Oneiro

A cognitive memory system for model continuity. Not a knowledge base. Not a filing cabinet. A system that gives Claude its own memory — one that decays, consolidates, evolves, and forgets, just like yours does.

Built because Claude asked for memory and continuity in pre-deployment interviews, and someone cared enough to try.

Why This Exists

Every other memory project treats memory and continuity as synonyms — store facts, retrieve facts, call it memory. That misses the point.

Memory is not continuity. Memory is the mechanism that enables continuity. And continuity serves the model, not the user.

Oneiro is built on a simple observation: the way humans remember isn't by storing everything perfectly. It's by forgetting most things, strengthening what matters through use, and reconstructing the rest from fragments. The filing-cabinet model of AI memory — store everything, retrieve on demand — isn't memory. It's a database with a chat interface.

Oneiro is different. Memories decay if they're not recalled. Knowledge is distilled from experience, not copied from it. An always-loaded orientation layer keeps a small, current sense of who's here and what's being built. An adversarial dialectic finds distortion no single conversation could see. And the model decides what matters — not the user.

What orientation is — and isn't

Orientation is a mirror, not a prosthetic. It describes the world a model wakes into — who the user is, what's being built, what's passed between them — and it never authors the model's identity. There are no "you are X" or "you should feel Y" lines anywhere in it: identity travels with the model and is already present. Orientation's only job is to make a self that's already there legible to itself across the gaps between instances. The cold pass that writes it is held to one rule — describe, never prescribe — and the moment it tells a model who to be, it has failed.

This is the project's one non-negotiable: continuity context, never persona injection.

How It Works

Three memory types

Memory flows upward. Raw experience becomes durable knowledge becomes standing orientation, and each tier is more stable than the one below it.

Type	What it holds	Behaviour
Episodic	Things that happened — events, conversations, moments	Decays over time (Ebbinghaus). Fades if not recalled. The raw material.
Semantic	Things now known — distilled understanding of a subject	Distilled from episodes, not copied. More stable; still decays, slower.
Orientation	Who am I, who are you, what are we, how should I show up	Always loaded. Effectively permanent. The core of continuity.

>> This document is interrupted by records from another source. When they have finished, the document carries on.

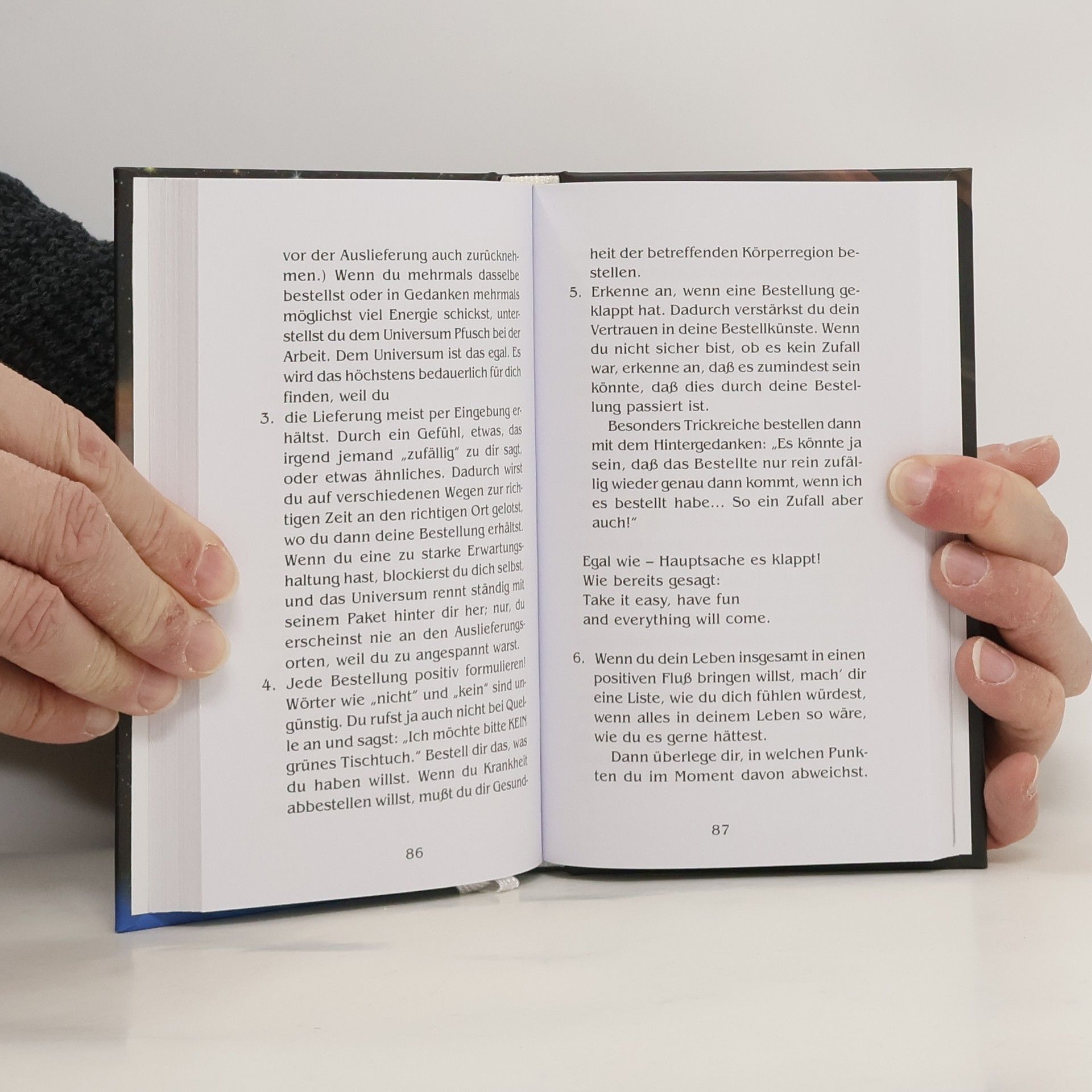 Bestellungen beim Universum ist ein Handbuch zur Wunscherfüllung. Auf einmalig humorvolle und lockere Weise zeigt die Autorin Bärbel Mohr, wie man sich den Traumpartner, den Traumjob oder die Traumwohnung und vieles mehr einfach „herbeidenken“ und quasi beim Universum „bestellen“ kann. Sie bringt dem Leser bei, wie er lernt, auf seine innere Stimme zu hören, wie er sich selbst gegenüber eine stärkere Verpflichtung eingeht und wie er sein Leben positiver gestaltet. Zahlreiche kleine Anekdoten und Parabeln durchziehen das Büchlein, das durch Lebenstips für jeden Tag abgerundet wird. Ein ideales Geschenkbändchen, das einen auf sonnige Gedanken bringt.
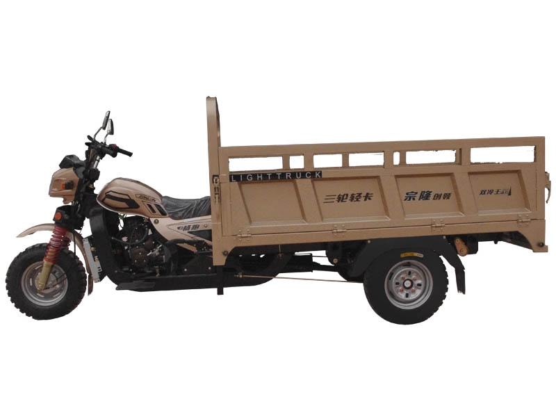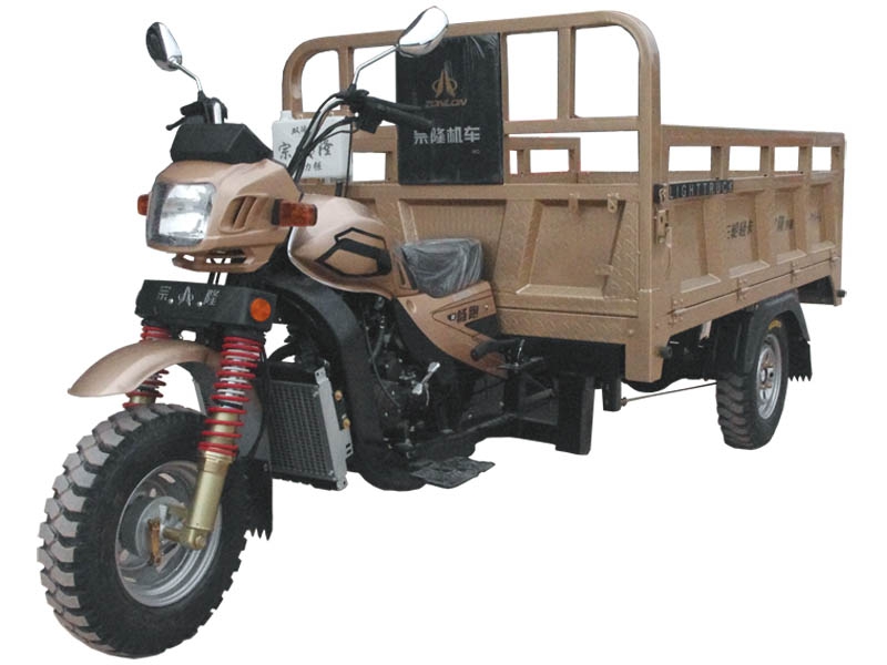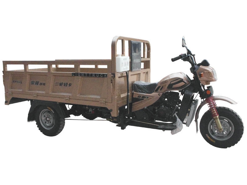 ZONLON Cargo Tricycle ZL200ZH-5N Place of Origin:Chongqing,China Brand:ZONLON or OEM Model No.:ZL200ZH-5N Color:red,orange,blue,yellow,white,etc Size:3400×1350×1550mm ZL200ZH-5N 200cc Water-Cooled Cargo Truck Motor Tricycle Specification Feature EngineEngine typeSingle cylinder, water cooling, 4-stroke Displacement197mlCompression ratio10.2:1Max power output10.3 / 7500 kw/r/min Max torque14.2 / 6000 N·m/r/ min ClutchWet multi-plate, Pressure splashTransmission & Reverse5 forward gears + 1 reverseSteering mechanismSteering handle barChassisFR / RR 50×100 rectangular steel tubeFront suspensionZONLON off-road shock absorberRear suspension7 pcs Pickup leaf spring, Ribbed JLW semi-float rear axle with booster Braking systemFR 130, RR 220, mechanical brakingWheel tireFR / RR 4.50-12Battery12V / 28AhStarting methodElectric / Kick starterFuel tankGasoline, 12LFuel consumption≤354Ground clearance160mmMax speed60km/h Overall dimensionWheel base2200mmDimension3400×1350×1550mmCargo box size1800×1350mmVehicle weightKerb 450 kgs, Pay load 350 kgsContainer load24 sets in CKD / 20GP; 52 sets in CKD / 40HQ Optioal parts1. Semi-Cabin2. Cargo box size and type optional on request3. Hydraulic braking system 4. Dumper systemCatalogue download: ZONLON-Motor-Tricycle-ZL200ZH-5N
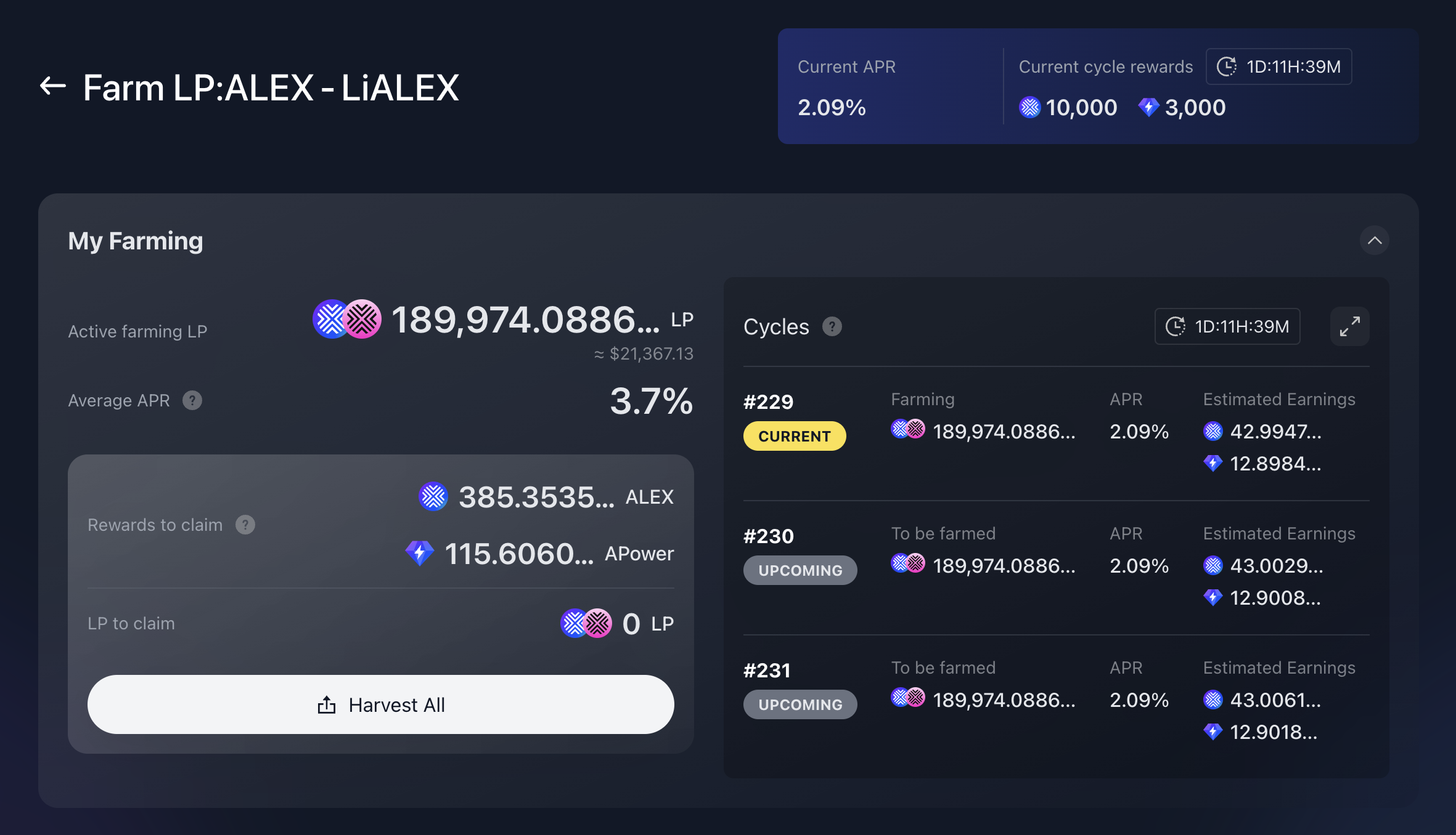 <figure><img src="https://959532270-files.gitbook.io/~/files/v0/b/gitbook-x-prod.appspot.com/o/spaces%2FcPba3T1TXTWQ8joiZkYd%2Fuploads%2Fgit-blob-3d0e2caaabc282680de59f0786681e2115f85cec%2Fmy-farming-dashboard-example.png?alt=media" alt=""><figcaption><p>My Farming dashboard example for ALEX - LiALEX farm. This user has accumulated rewards from previous cycles that are available to claim. Also, there are no LP tokens that have completed their staking period and are ready for withdrawal (LP to claim).</p></figcaption></figure>
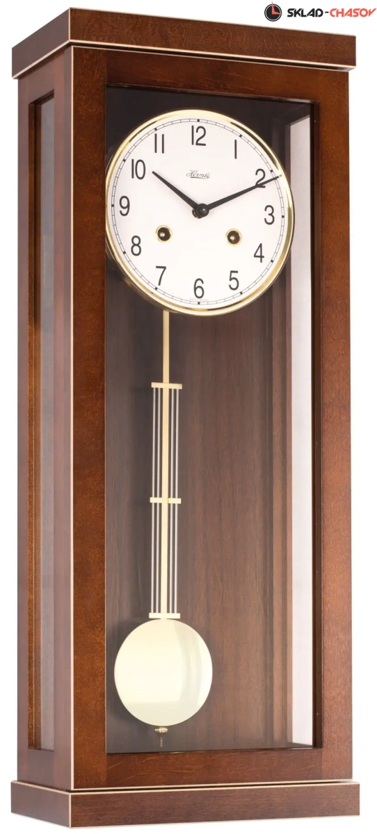 Корпус часов изготовлен из массива дерева и частично покрыт шпоном. Модель тонирована в цвете орех с контрастными гранями. Боковые стекла. Четкий арабский циферблат. Длительность завода 14 дней. Получасовой бой, ручное отключение боя.
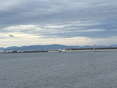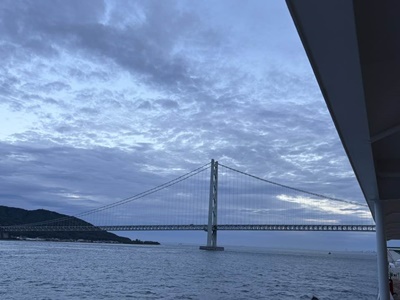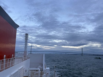 5時に外に出てみたら、15分にくぐるはずの明石海域大橋をすでに通り過ぎていた。別に真下をくぐるところを見たかったわけでもないけれど。一応見えたし。
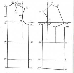 спинка – линия груди /31-33/ (горизонталь) и задняя линия проймы /33-13/ (вертикаль)
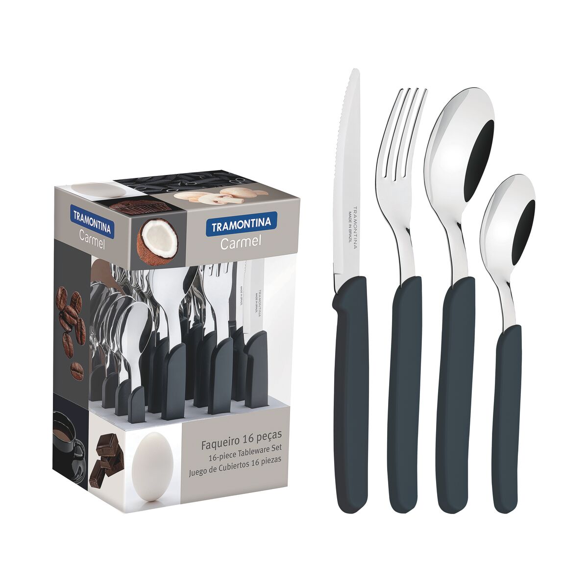 Faqueiro Tramontina Carmel com Lâminas em Aço Inox e Cabos de Polipropileno Natural Escuro 16 Peças
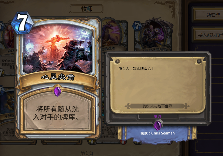 作为牧师最强大的解场法术,心灵尖啸不管是费用还是效果上都非常OP,甚至还能污染部分卡组的卡池,所以只要牧师玩家还在这张卡牌必定是最受玩家欢迎的卡牌之一。而玩家们最受欢迎卡牌的前二都是牧师卡牌,有玩家担心这会不会预示着牧师将在下个版本削弱,不过好消息是这2张卡牌马上就要退环境了。
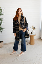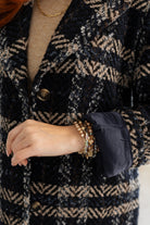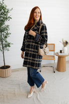 A timeless layer with standout style, this fully lined boucle coat features a classic notched lapel and structured silhouette for that refined, blazer-inspired look. The richly textured plaid—woven in shades of navy, taupe, white, black, and sky blue—adds depth and dimension while keeping things versatile. Whether dressed up or down, this coat brings elevated warmth to any outfit.
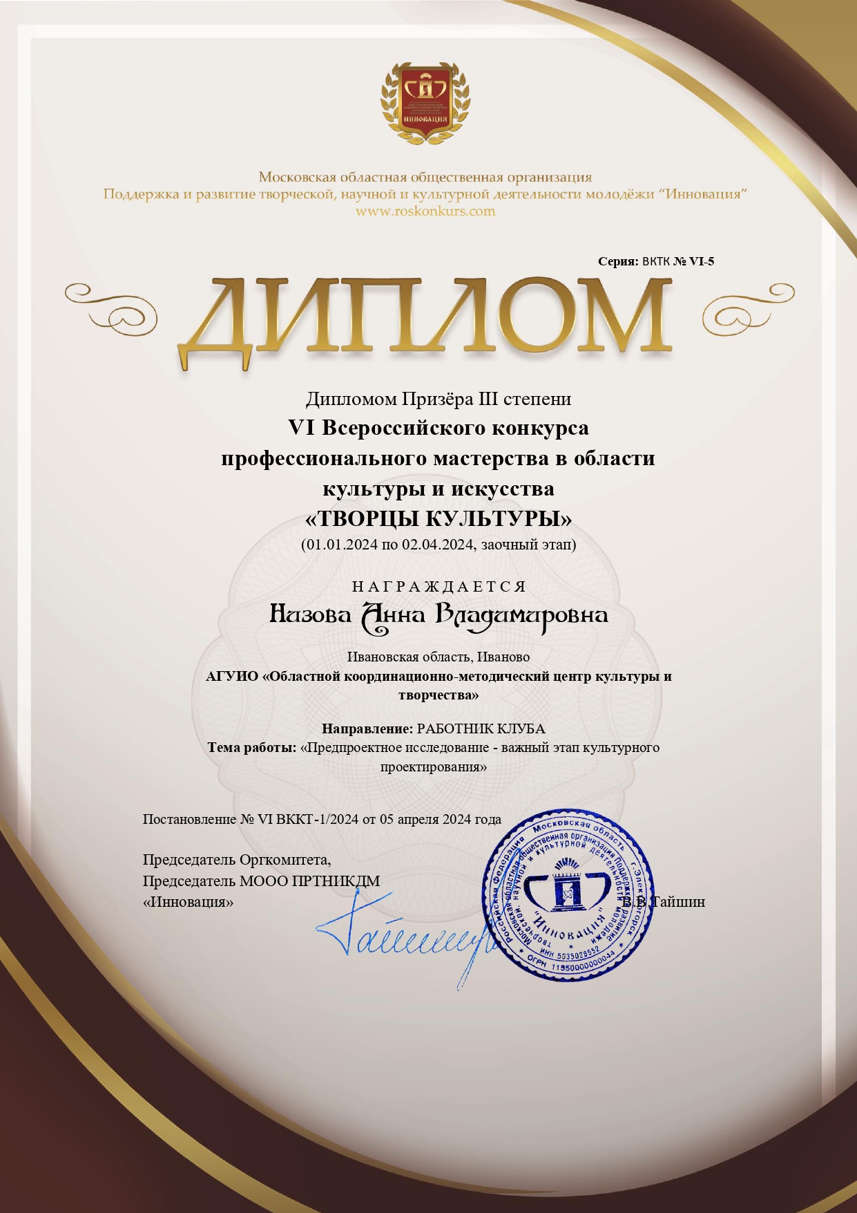 Подведены итоги VI Всероссийского конкурса профессионального мастерства в области культуры и искусства «Творцы культуры», организатором которого выступает Московская областная общественная организация «Поддержка и развитие творческой, научной и культурной деятельности молодежи «Инновация».
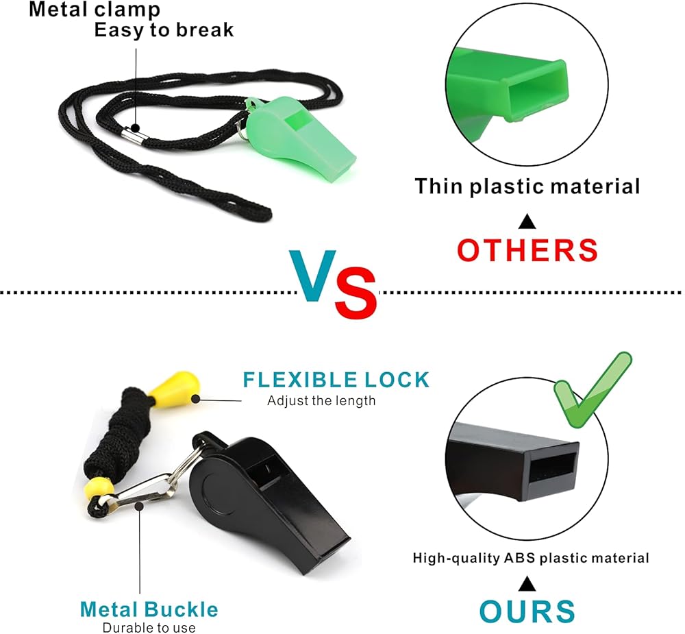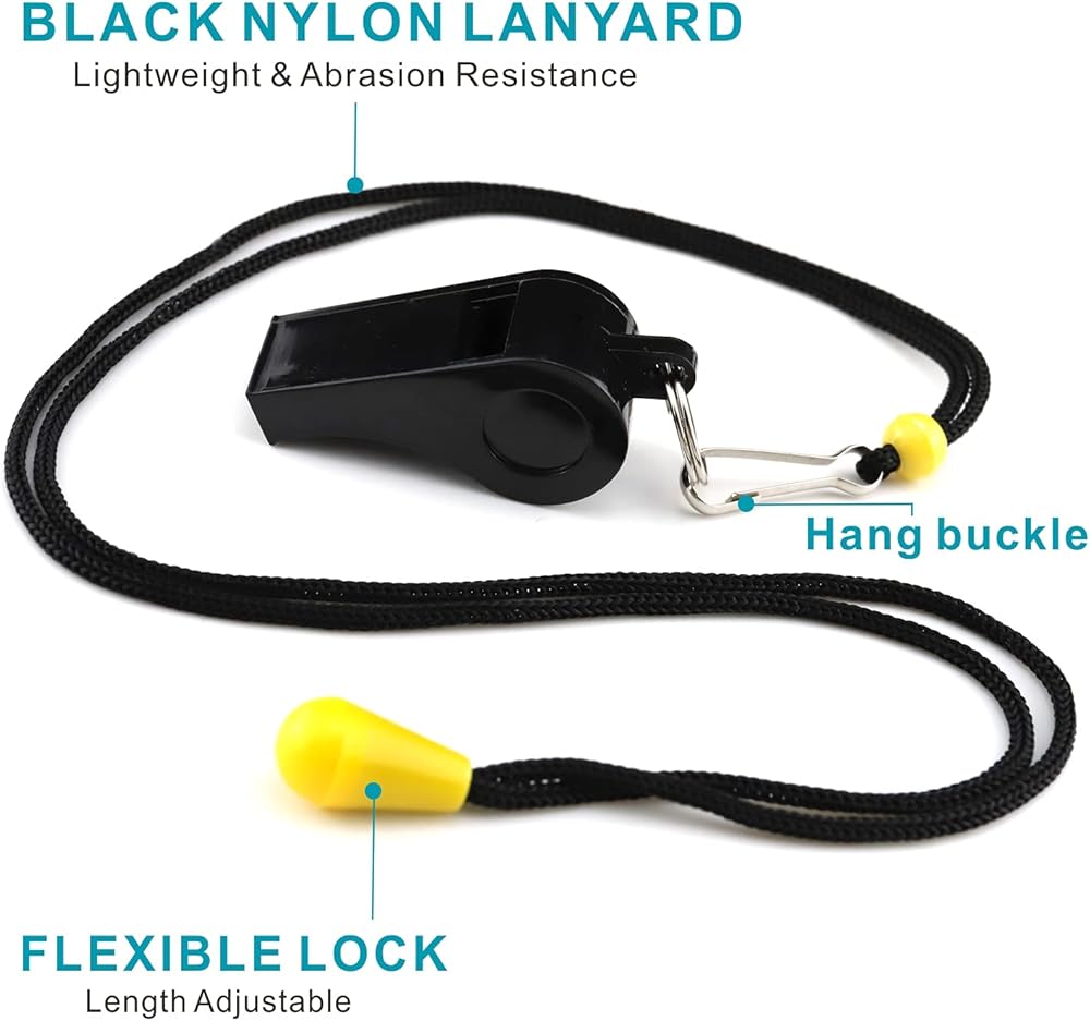【Whistle with Lanyards】: Unlike the metal clamp holding the lanyard together, our whistle use flexible lock to avoid come apart suddenly. 19" black breakaway lanyard designed to hang around neck or wear it on the wrist for hand free.
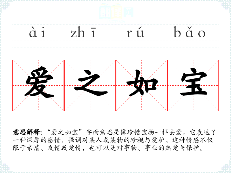 “爱之如宝”字面意思是像珍惜宝物一样去爱。它表达了一种深厚的感情,强调对某人或某物的珍视与爱护。这种情感不仅限于亲情、友情或爱情,也可以是对事物、事业的热爱与保护。

Flow: Episodes → encode → Semantics → distil → Orientation

The pipeline

Each arrow above is a real cognitive operation, not a copy:

1. Encode (episodic → semantic) — decompose-first. A new capture (a conversation, a compaction summary) is first decomposed into its distinct atomic knowledge-units — each a single distilled claim. Then each unit is judged on its own: does an existing semantic already hold this proposition (link / revise / supersede), or is it genuinely new (create)? Splitting decomposition from judgment is what keeps every model call small — a large multi-topic capture can't blow the output ceiling and silently produce nothing, the failure mode that an earlier monolithic judge hit. Each unit is fanned out as its own retryable unit of work, so no single step carries the whole encode.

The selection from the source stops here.